FT-IR spectra were measured to characterize the surface functional groups of undoped and N-doped SAC. As shown in Fig. 1, SAC has major bands at 1625 cm−1 and 3423 cm−1, which are respectively attributed to the C[double bond, length as m-dash]C and O–H stretching vibrations, besides the bands at 1037 cm−1 and 1400 cm−1, which are due to the stretching of C–O and the stretching vibration of the carboxyl groups.30–32 For N-doped SAC, the intensities of bands at 1037 cm−1 and 3423 cm−1 are weaker than those of SAC. For SAC-N700 and SAC-N800, a small new band is observed at 1590 cm−1, which is attributed to the stretching of C[double bond, length as m-dash]N groups,33,34 together with another band at 3120 cm−1, which is attributed to the N–H and/or NH2 groups.35–37 It is suggested that the structure of the N-doped SAC consists of more nitrogen-containing functional groups and less content of oxygen functional groups, comparing with undoped SAC.


image file: c5ra23112d-f1.tif
Fig. 1 FT-IR spectra of different support samples.

XPS spectra of different carbon samples were analyzed to distinguish the elemental compositions and the species of nitrogen dopants, comparing with the undoped SAC sample. As listed in Table 2, the elemental compositions of the undoped SAC sample are 96.2% carbon and 3.8% oxygen. While for the N-doped samples, there are nitrogen component, the nitrogen content equals respectively 1.4% for SAC-N600, 2.0% for SAC-N700 and 1.8% for SAC-N800. Fig.

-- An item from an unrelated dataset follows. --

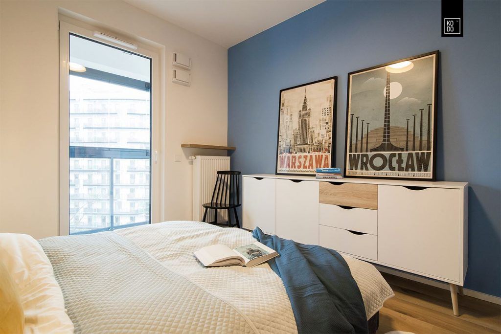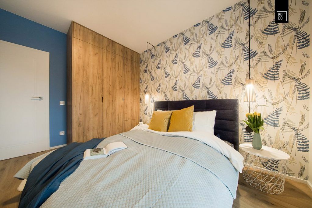 Daca in zona de zi avem culori vibrante si multe energie, in dormitorul matrimonial lucrurile se mai calmeaza putin. Albastrul folosit pentru pereti este mai sters iar culoarea lemnului pastreaza un ambient relaxant potrivit unei zone de noapte. Nici peretele accent nu este incarcat de culori, tocmai pentru a mentine aceasta atmosfera relaxanta.
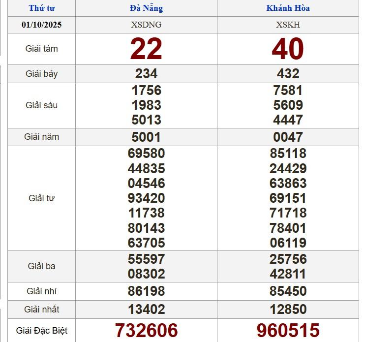 Kết quả xổ số miền Trung (XSMT) hôm nay ngày 01/10

S2 displays the deconvolution of the N 1s XPS spectra, indicating the existence of four kinds of nitrogen species including the pyridine–nitrogen (NP) near 398.4 eV, the pyrrole–nitrogen (NPYR) at 400.1 eV, the quaternary-nitrogen (NQ) at 401.3 and the nitrogen oxides (N–X) near 402.5 eV. Table 3 lists the content of each nitrogen species in the N-doped SAC. It is clear that the pyridine–nitrogen (NP) is the dominant nitrogen species in SAC-N600, SAC-N700, and SAC-N800, while the N content is dependent on the calcination temperature. The SAC-N700 sample has the highest amount of pyridine–nitrogen (NP, 56.9%) but the least amount of pyrrole–nitrogen (NPYR, 8.8%).

Table 2 Elemental compositions on the surface of the samples determined by XPS analysis
Samples Element composition (%)
C N O
SAC 96.2 0 3.8
SAC-N600 96.0 1.4 2.6
SAC-N700 94.8 2.0 3.2
SAC-N800 94.9 1.8 3.3


Table 3 Relative contents and binding energies of nitrogen species of the N-doped samples
Samples Area%, binding energy (eV)
NP NPYR NQ N–X
SAC
SAC-N600 39.6 (398.2) 31.2 (400.0) 20.8 (401.4) 8.4 (402.7)
SAC-N700 56.9 (398.7) 8.8 (400.2) 30.9 (401.2) 3.4 (402.5)
SAC-N800 45.0 (398.4) 36.9 (400.0) 6.7 (401.4) 11.4 (402.4)


Previously, Wong et al.38 prepared the nitrogen-doped graphene (nG) via pyrolysis of graphene oxide at the temperature from 400 to 1000 °C using the nitrogen-precursor of melamine, and the obtained nG consisting of the quaternary N (5%), carbon nitride and oxygenated N. In addition, Xia et al.39 suggested that melamine molecules adsorbed onto graphite oxide (GO) surfaces could be condensed into carbon nitride with increasing temperature, and the removal process of oxygen species at high temperature could provide active sites for nitrogen doping into graphene frameworks.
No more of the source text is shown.